Instructions to follow: Locate the line that contains "Um olho com corretivo e o outro sem". Retype it and every line after it to the end of the records, exactly, but not the pictures.

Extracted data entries
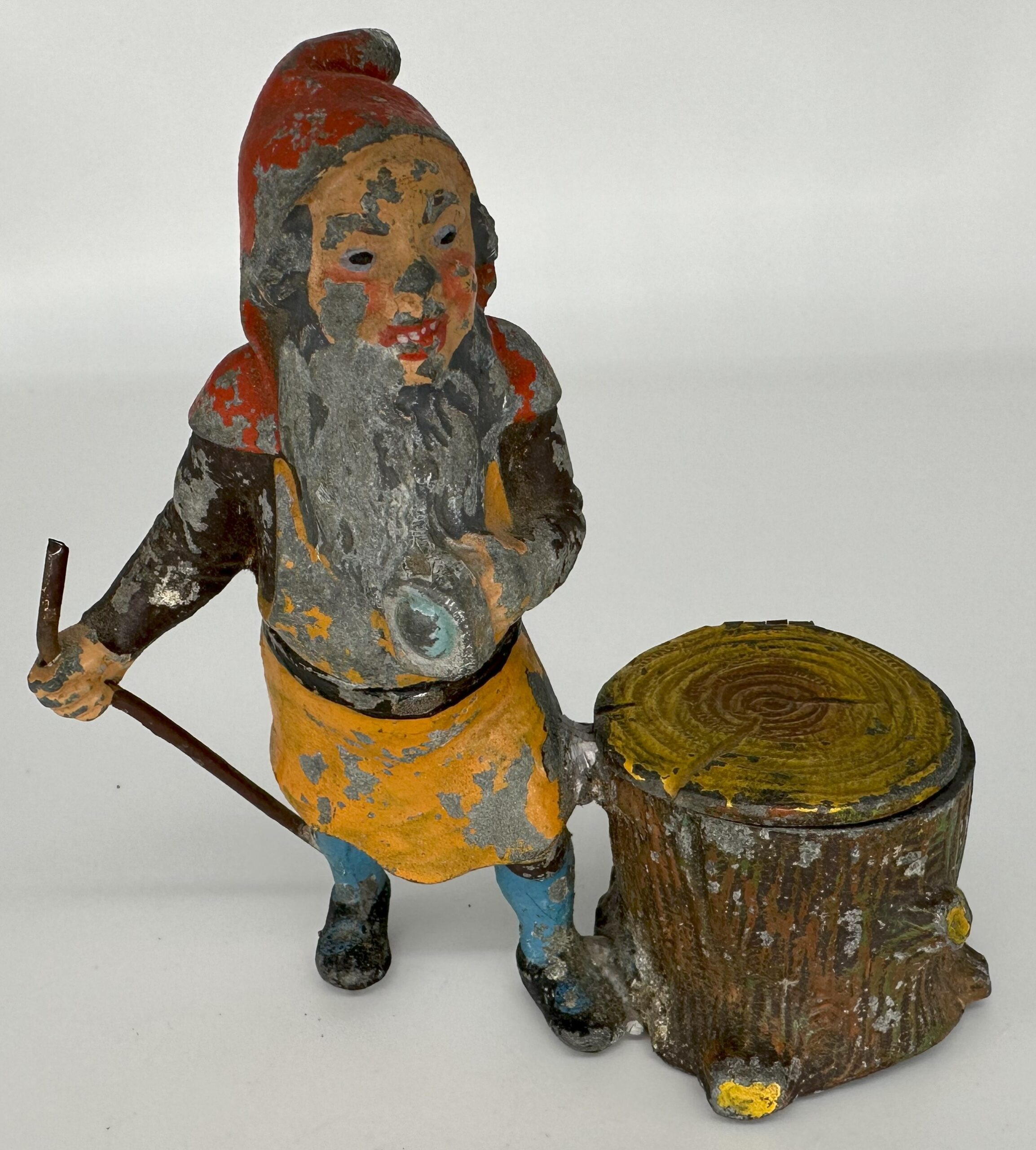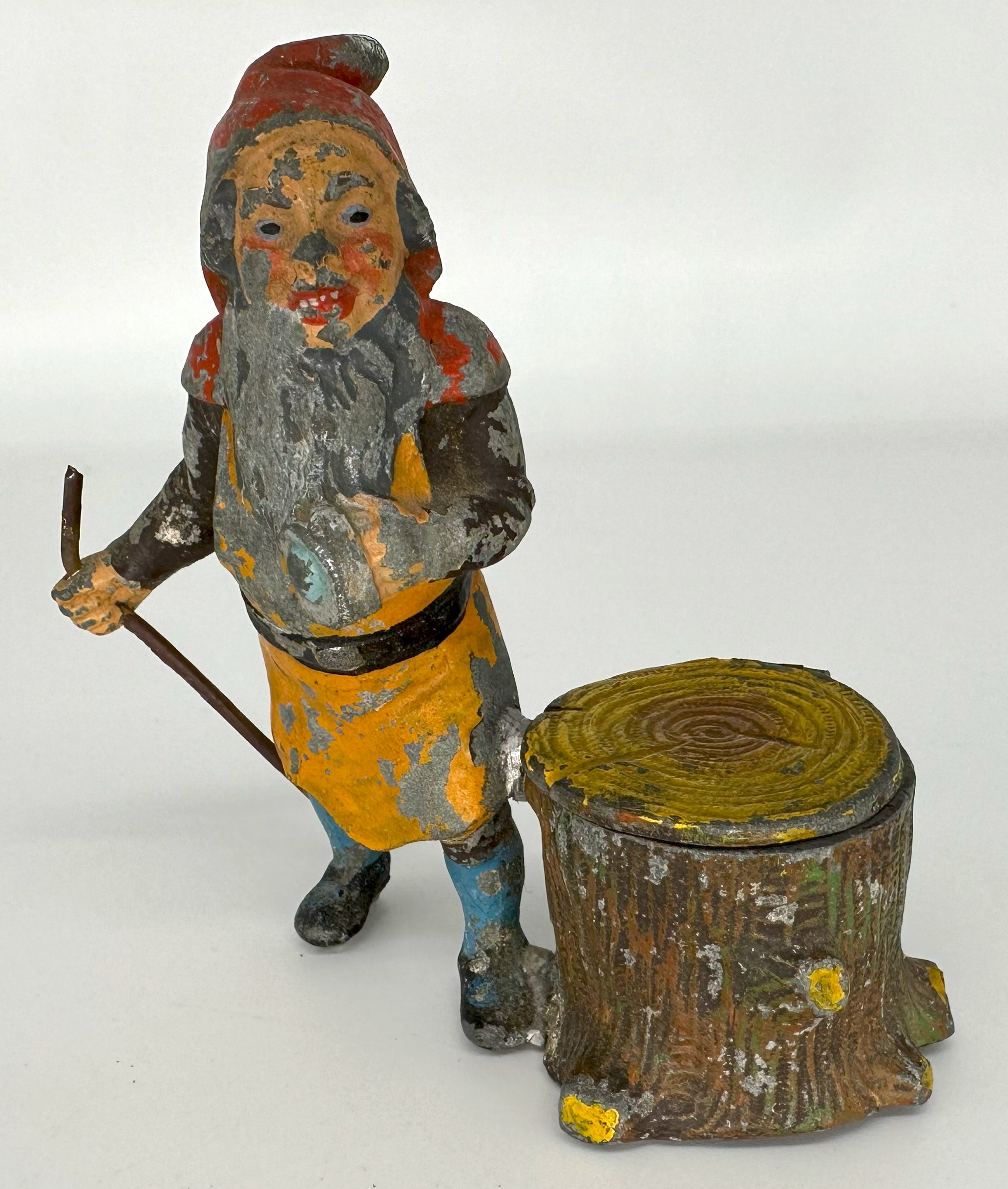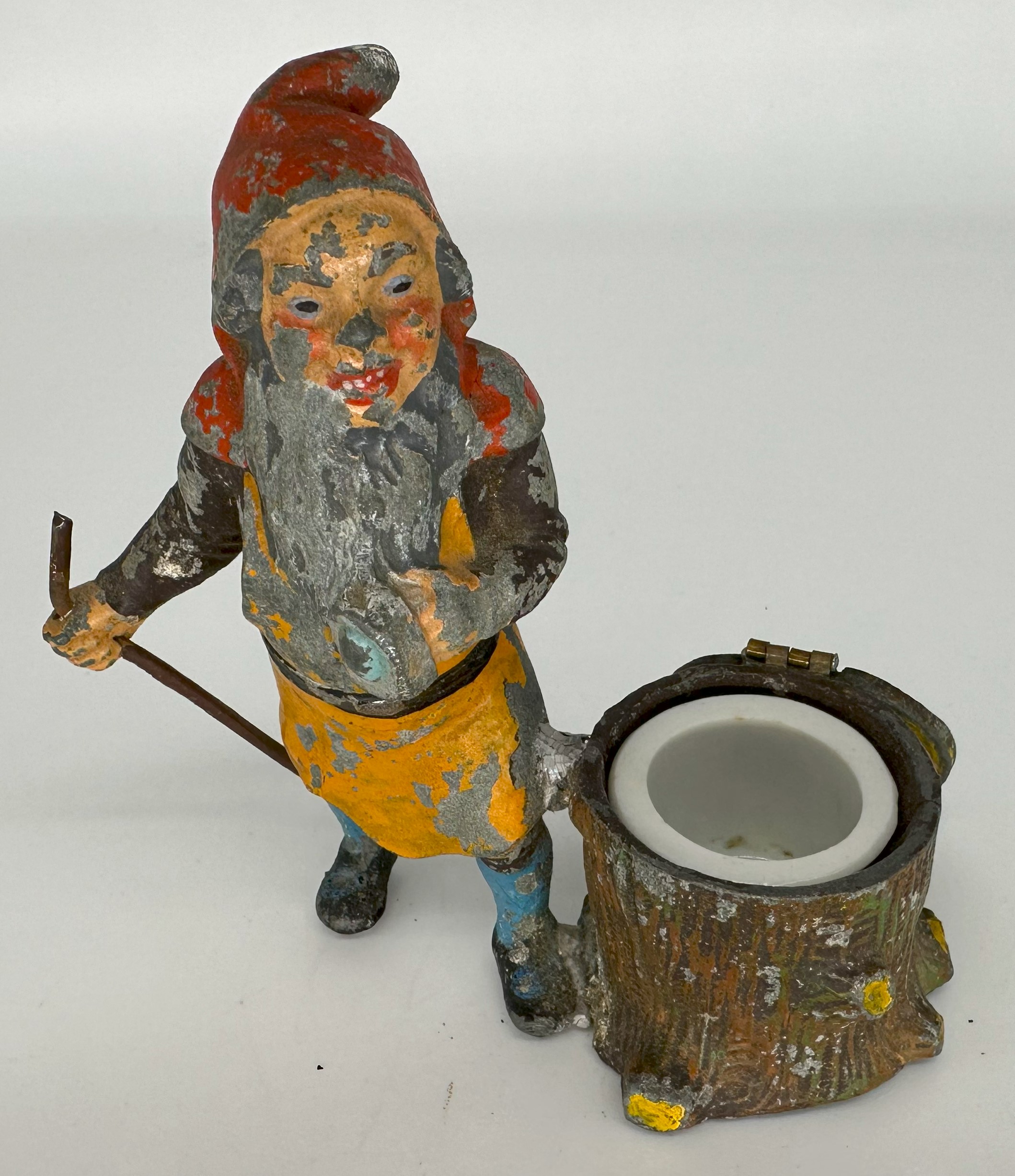 This cold-painted metal Dwarf (or Gnome) stands next to a stump with a hinged lid which opens to access the inkwell.
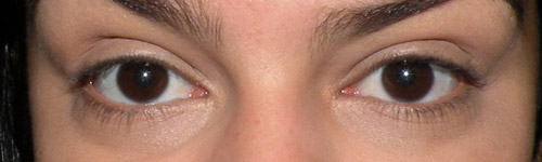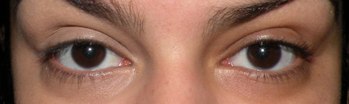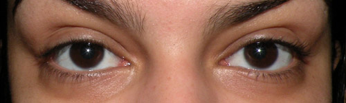 Um olho com corretivo e o outro sem
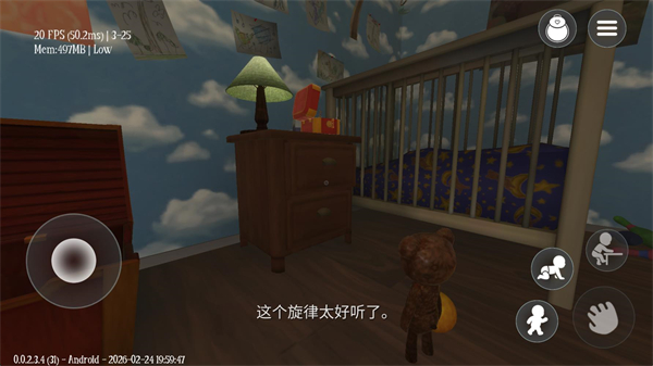 游戏室:游戏开始时,玩家身处一个色彩明亮、充满玩具的房间。这里阳光朦胧,氛围愉悦,是玩家与泰迪熊互动、玩捉迷藏和火车游戏的地方。
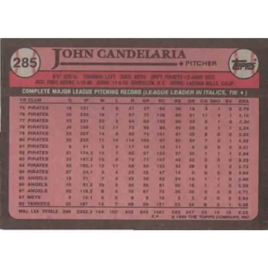 1989 Topps #285 John Candelaria NM-MT New York Yankees Baseball Card
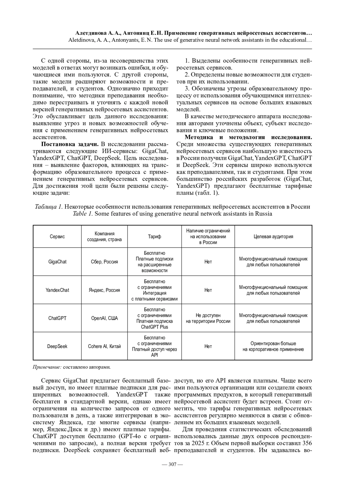 Введение. Все чаще преподаватели и студенты используют генеративные нейросетевые ассистенты, трансформирующие образовательную среду. Постановка задачи. В статье рассматриваются ИИ-сервисы: GigaChat, YandexGPT, ChatGPT, DeepSeek.
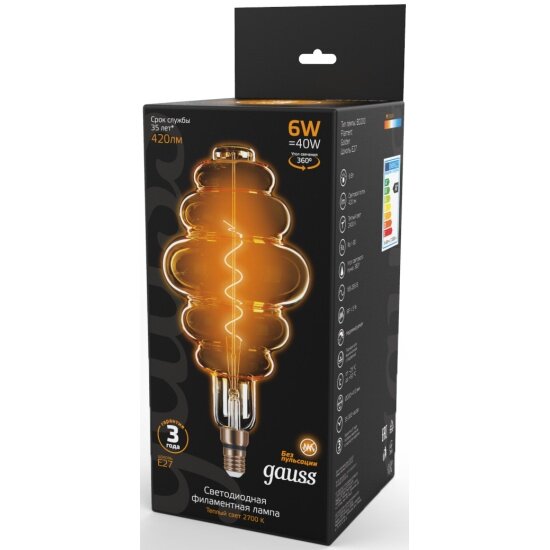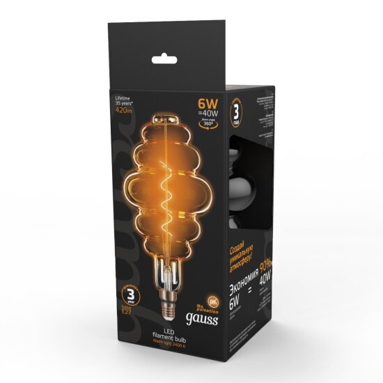 Gauss Лампа Gauss LED Vintage Filament Flexible BD200 6W E27 200*410mm Amber 2400K

Response to this task:
 Um olho com corretivo e o outro sem
 游戏室:游戏开始时,玩家身处一个色彩明亮、充满玩具的房间。这里阳光朦胧,氛围愉悦,是玩家与泰迪熊互动、玩捉迷藏和火车游戏的地方。
 1989 Topps #285 John Candelaria NM-MT New York Yankees Baseball Card
 Введение. Все чаще преподаватели и студенты используют генеративные нейросетевые ассистенты, трансформирующие образовательную среду. Постановка задачи. В статье рассматриваются ИИ-сервисы: GigaChat, YandexGPT, ChatGPT, DeepSeek.
 Gauss Лампа Gauss LED Vintage Filament Flexible BD200 6W E27 200*410mm Amber 2400K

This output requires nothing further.